Always peering over my shoulder, whenever I’m in public. At a bus stop. On the street. Suspicious eyes all around me.
When people see me they notice my foreignness. The second or third time we meet they ask: Why are you here? Why did you chose Sweden? Where are you from?
Previously these questions came naturally. They were spontaneous. Ice-breakers, discussion-starters. Recently though, after the refugee crisis and a spate of terror attacks in Europe, the reasons for asking them seem to have changed. They come with connotations, insinuations.
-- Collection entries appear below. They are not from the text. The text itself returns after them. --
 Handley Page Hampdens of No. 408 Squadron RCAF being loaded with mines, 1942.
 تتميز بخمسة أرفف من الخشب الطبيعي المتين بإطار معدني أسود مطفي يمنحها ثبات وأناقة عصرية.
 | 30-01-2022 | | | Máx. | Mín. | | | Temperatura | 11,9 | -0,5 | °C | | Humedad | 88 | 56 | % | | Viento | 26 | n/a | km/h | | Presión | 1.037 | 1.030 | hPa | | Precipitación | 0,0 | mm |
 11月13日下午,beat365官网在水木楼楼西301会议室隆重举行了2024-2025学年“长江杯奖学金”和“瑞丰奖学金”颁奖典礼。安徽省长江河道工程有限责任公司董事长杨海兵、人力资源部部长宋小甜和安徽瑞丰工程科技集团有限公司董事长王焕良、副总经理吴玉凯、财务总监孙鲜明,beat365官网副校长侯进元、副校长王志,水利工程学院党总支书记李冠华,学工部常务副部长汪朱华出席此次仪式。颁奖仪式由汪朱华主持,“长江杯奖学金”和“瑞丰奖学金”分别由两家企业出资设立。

The line of questioning derives from suspicion and fear. It comes with a kind of accusation: You’re a refugee! Out of habit I satisfy my questioners’ curiosity in as soothing a way as possible. “My destiny has driven me here.” Or, “I fled war and death”.
But I’ve always wanted to give a more concrete answer, one that more fully answers the question of why I came here, and now I think I’ve got it:
I came here to blow myself up!
Yes, I came to blow myself up and unleash my human potential: my talents, thoughts and dreams. To start a new life. Forge a new beginning, far from the suffocating misery of the last five years.
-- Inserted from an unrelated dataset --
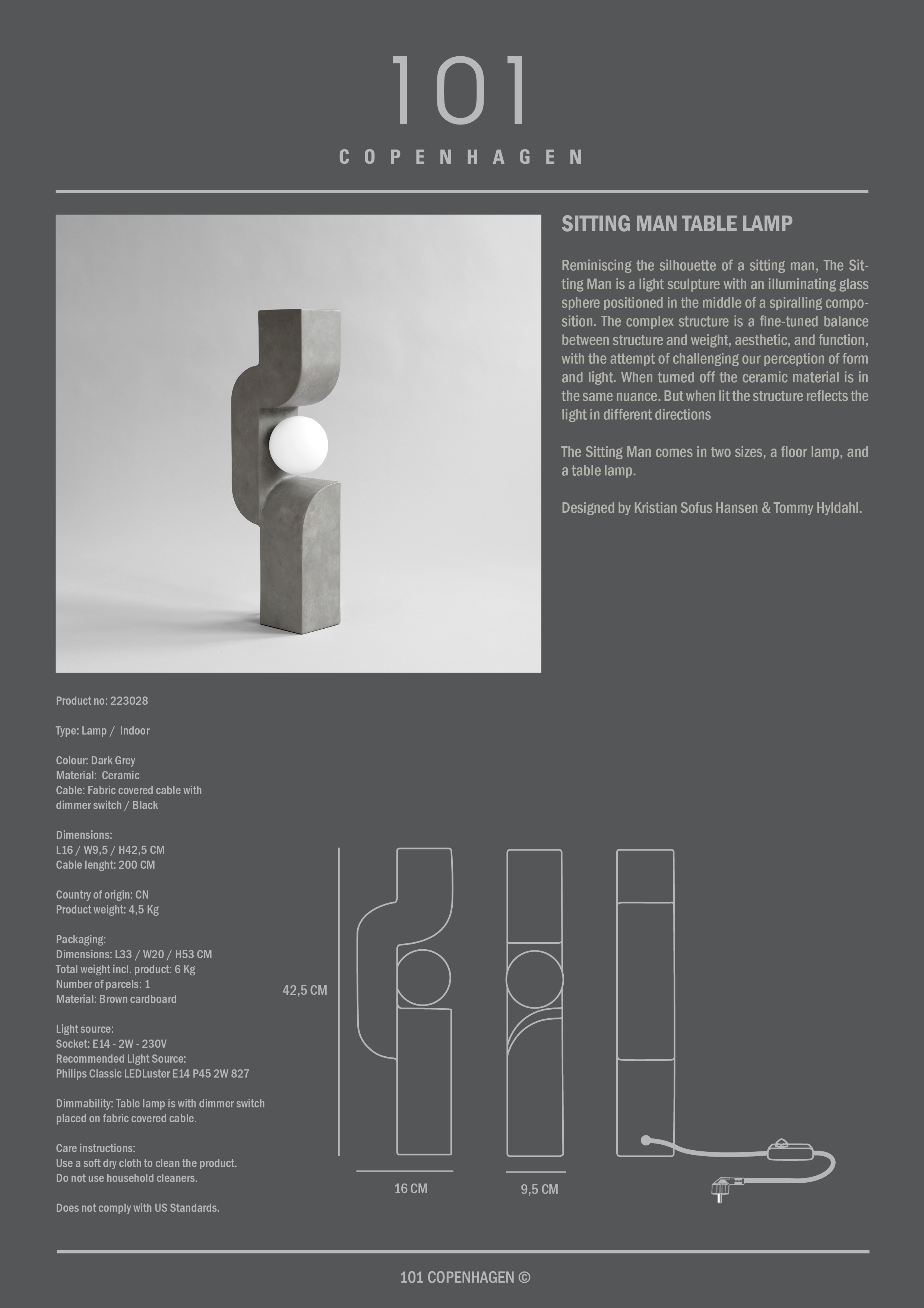 Sitting Man lampe fra 101 Copenhagen med et skulpturelt design med en spiralformet sammensetning og en rund glasskuppel i midten for å gi en jevn fordeling av lys. Den er laget av keramikk og har en dimmerknapp på ledningen for justering av lysstyrken. Kan også brukes som dekorasjon.

I had to choose. Either stay in my homeland, now a heap of ruins, where I could very easily have died and you’d have known me merely as a number in the Syrian death toll popping up on your TV or iPad screen. Or flee for my life.
I chose to stay alive.
Some might think fleeing your home is an easy decision. Others might think that refugees have made the perilous journey to Europe to live on welfare, to sponge off hard-working taxpayers.
Most onlookers make an effort when watching us to see what we look like. Our colours and backgrounds. But few pay attention to the silent agony in our hearts.
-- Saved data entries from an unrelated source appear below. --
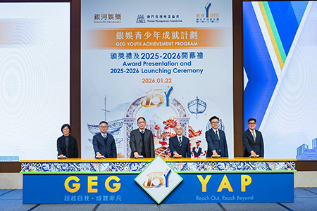 【特訊】多年來,銀河娛樂集團(下稱「銀娛」)積極響應澳門特別行政區政府(下稱「特區政府」)「教育興澳、人才建澳」的施政方針,透過多元舉措推動人才培育工作,促進本澳青少年全人發展。自2011 年起,銀娛攜手澳門管理專業協會(下稱「管協」)合辦「銀娛青少年成就計劃」(下稱「成就計劃」),秉承「自我認識」、「關懷社會」、「事業發展」三大核心理念,為18至29歲本地青年提供多元培訓及跨界交流平台,至今吸引超過3,600名學員參與。今日,銀娛假銀河國際會議中心舉行第14屆頒獎禮暨第15屆開幕禮,表彰學員過去一年的卓越成果,並為新一屆計劃揭開序幕。
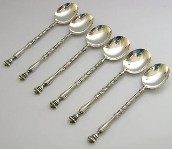 A nicely designed set of six Dutch solid silver spoons. They are hallmarked with the 835 silver standard mark and a makers mark. I would date them to c1930. They are in super condition being free from dings splits distortions and repairs. They measure approx. 4.25 inches (10.6cm) long by over 0.75 inch (2.3cm) wide and have a combined weight of 72 grams. A quality well made set.
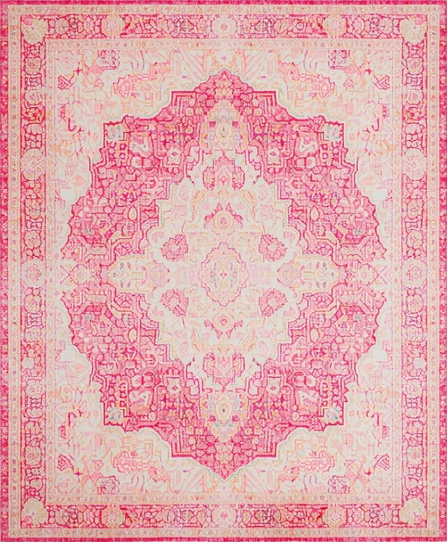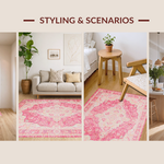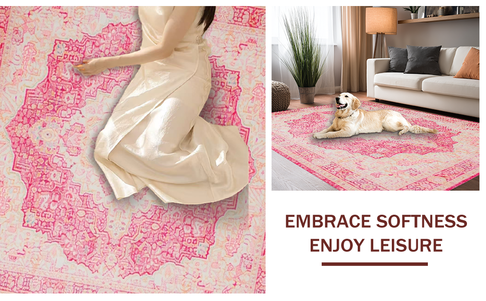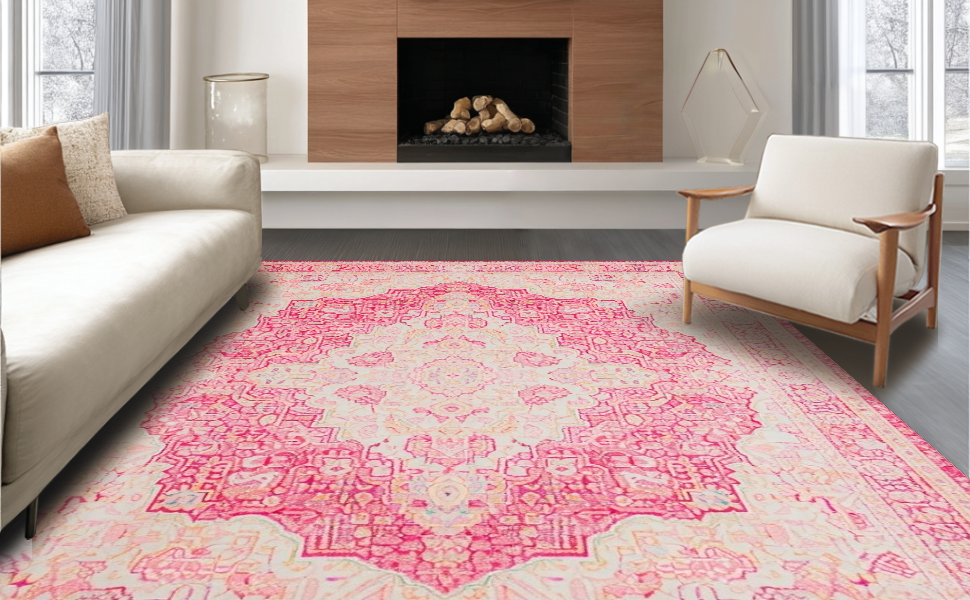 Ultra Soft Area Rug, Non Slip, Stain Resistant, Washable Area Rugs for Living Room, Bedroom, Contemporary Soft Beige Wave Motif(Pink) Overview:

For we are the friends of the dead: of our siblings, our loved ones, whose destiny was to be buried under the rubble. And still we live in a state of panic, afraid of the ever-rising death toll. Afraid that the names of more loved ones will soon be added to that bloody list.
In our refuges we refugees are carbon copies of the destruction and devastation afflicting our homeland. We are a reflection of that ruinous heap. We didn’t choose our destiny and we didn’t choose to be here. The war sent us.
You too, reading my words: you didn’t choose your colour, language, or nationality. Any yet you judge us on our destiny, and some of you smear us with your antipathy. You judge us on something that forced us here, on something we didn’t choose.
You and I have much in common. Our differences, cultural and otherwise, are not a danger. On the contrary, they enrich us. We should be able live together. We came into this life to work together, to build things together. Maybe we can share this world as happy partners. As brothers and sisters.
I am not my clothes. I am not my name. I am not the country I come from. I am my contribution.